また、自動車同士の衝突など、相手がいる事故の場合は、運転者からの対人賠償責任保険や人身傷害補償特約だけでなく、事故を起こした相手側が加入している保険からの保険金が支払われる場合もあります。こちらの場合は、運転者の配偶者、子、父母などであっても、除外対象とはなりません。ただし、事故が物損事故として取り扱われると、相手からの保険金は支払われないため、人身事故として警察に届け出を行う必要があるという点に注意する必要があります。

交通事故と精神障害の関連性について

脳外傷による高次脳機能障害など器質的な精神障害の他にも、精神的なトラウマなどももたらします。
心的外傷後ストレス障害(PTSD)やうつ病といった精神障害は、交通事故経験者の間でしばしば観察される現象です。

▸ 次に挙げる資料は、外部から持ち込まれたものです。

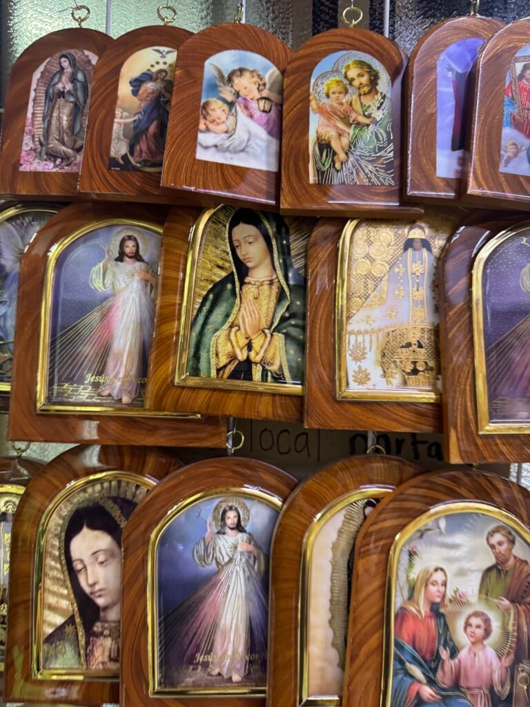 Es una ciudad donde un turista puede entrar buscando un simple recuerdo y terminar descubriendo toda una tradición comercial construida alrededor de la fe.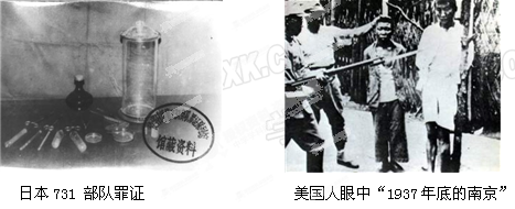 (1)暴行:研制化学武器,实施细菌战、毒气战;南京大屠杀。(2分)卢沟桥事变(2分)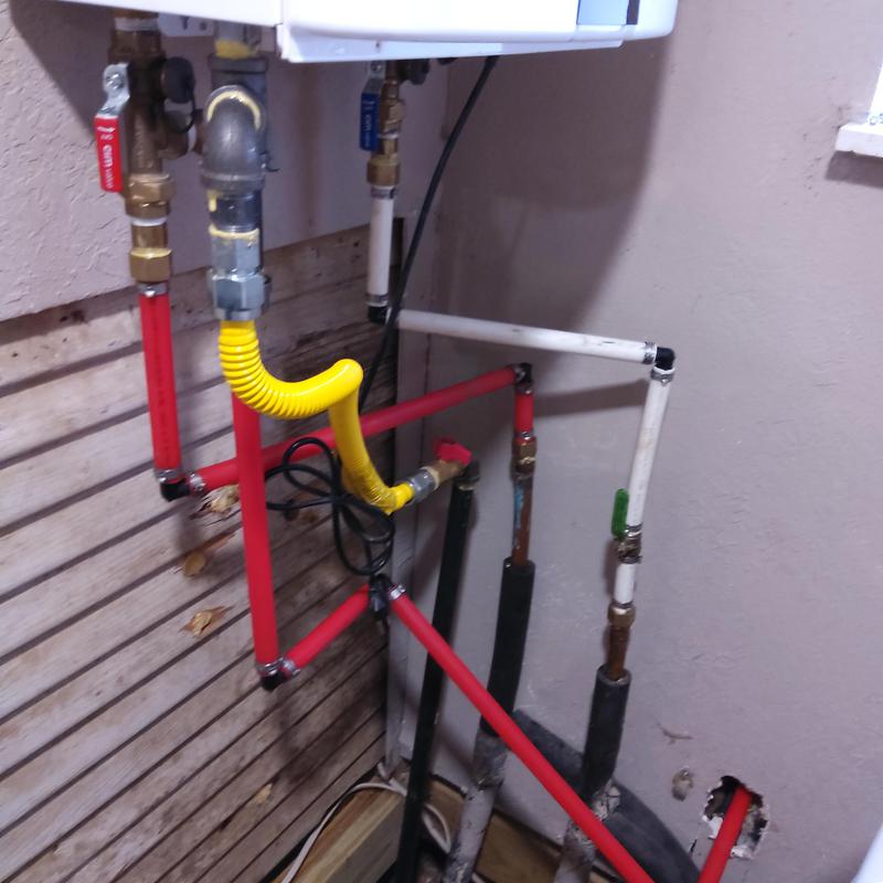 Plumb Shield Plumbing LLC completed an emergency gas leak repipe for a furnace and water heater using 1-inch piping in Haslet, Texas. The team replaced damaged gas lines to restore safe and functional service in a residential setting.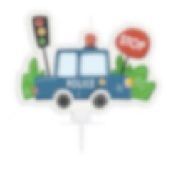 Leuke taartkaarsje in de vorm van een politieauto, perfect als prachtige versiering op de taart voor een kinderfeestje met een politiethema. De kaarsje is 8 cm hoog.

これらの障害は、事故の恐怖や悲しみが長期間にわたり自身を苦しめ続ける結果をもたらします。

例えば、PTSDは交通事故後に発症する可能性があります。以下は、PTSDの主な症状の一部です。
事故のフラッシュバックや悪夢、過度の警戒心や驚きやすさ、うつ病や不安などがよくあります。

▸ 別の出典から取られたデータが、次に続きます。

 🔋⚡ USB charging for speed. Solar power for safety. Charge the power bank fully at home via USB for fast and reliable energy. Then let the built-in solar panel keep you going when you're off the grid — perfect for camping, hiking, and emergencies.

また、交通事故が原因でうつ病を発症することもあります。以下は、うつ病の主な症状です。元気が出ない、落ち込んでいる、食欲不振、睡眠障害などです。

これらの精神障害は、日常生活に大きな影響を及ぼし、治療を必要とします。
しかし後遺障害の等級に該当しない限りは、法的な後遺障害としては損害賠償請求の対象となることが法律的に難しい現実もあります。

専門家による診断の重要性

交通事故による精神障害の存在を証明するためには、専門家による診断が不可欠です。
主治医など医師や臨床心理士などの専門家が症状について評価を行い、精神疾患の診断基準に当てはまるかを確認します。
これにより、後遺障害などの前提として、事故後に新たに発症した精神疾患の存在が明確になります。

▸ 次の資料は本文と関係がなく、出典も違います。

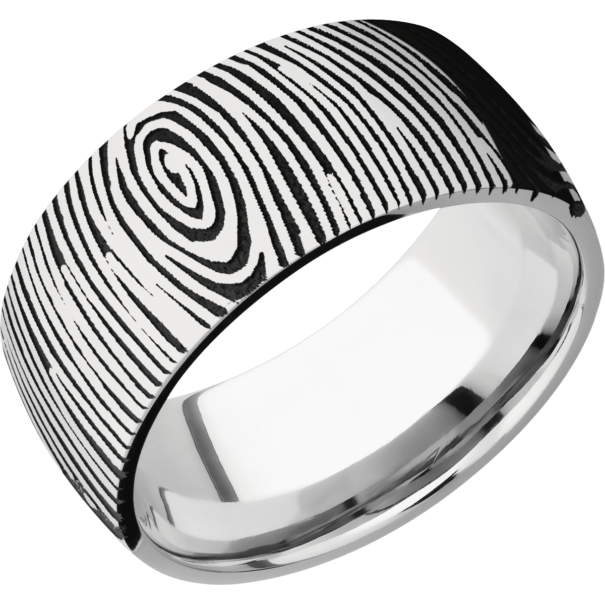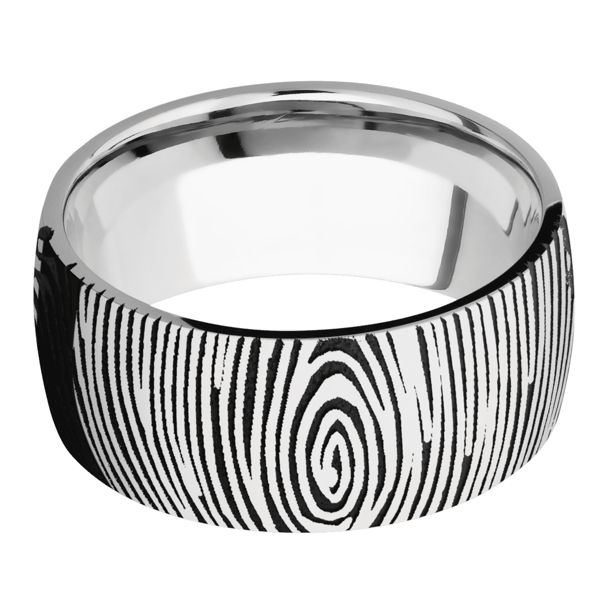 10 mm wide/Domed/10K White Gold band with a laser carved Your Finger Print 2 pattern.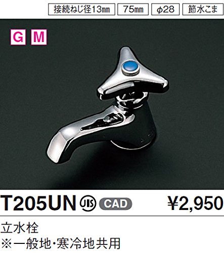 TOTO 洗面所用水栓金具【T205UN】(一般地・寒冷地共用) 単水栓 立水栓 鉛低減 [接続ねじ径13mm/75mm/φ28/節水こま]

また、専門家による診断は、精神障害による日常生活への影響や治療に必要な費用など、具体的な損害の規模を証明するためにも必要となります。
しかしやはり最も大事なのは、法的な後遺障害として等級をとることです。

ここは医師の専門領域ではありません。交通事故に強い弁護士に相談し、後遺障害の獲得について相談する必要があります。後遺障害診断書を医師に書いてもらうタイミングなどの相談もできます。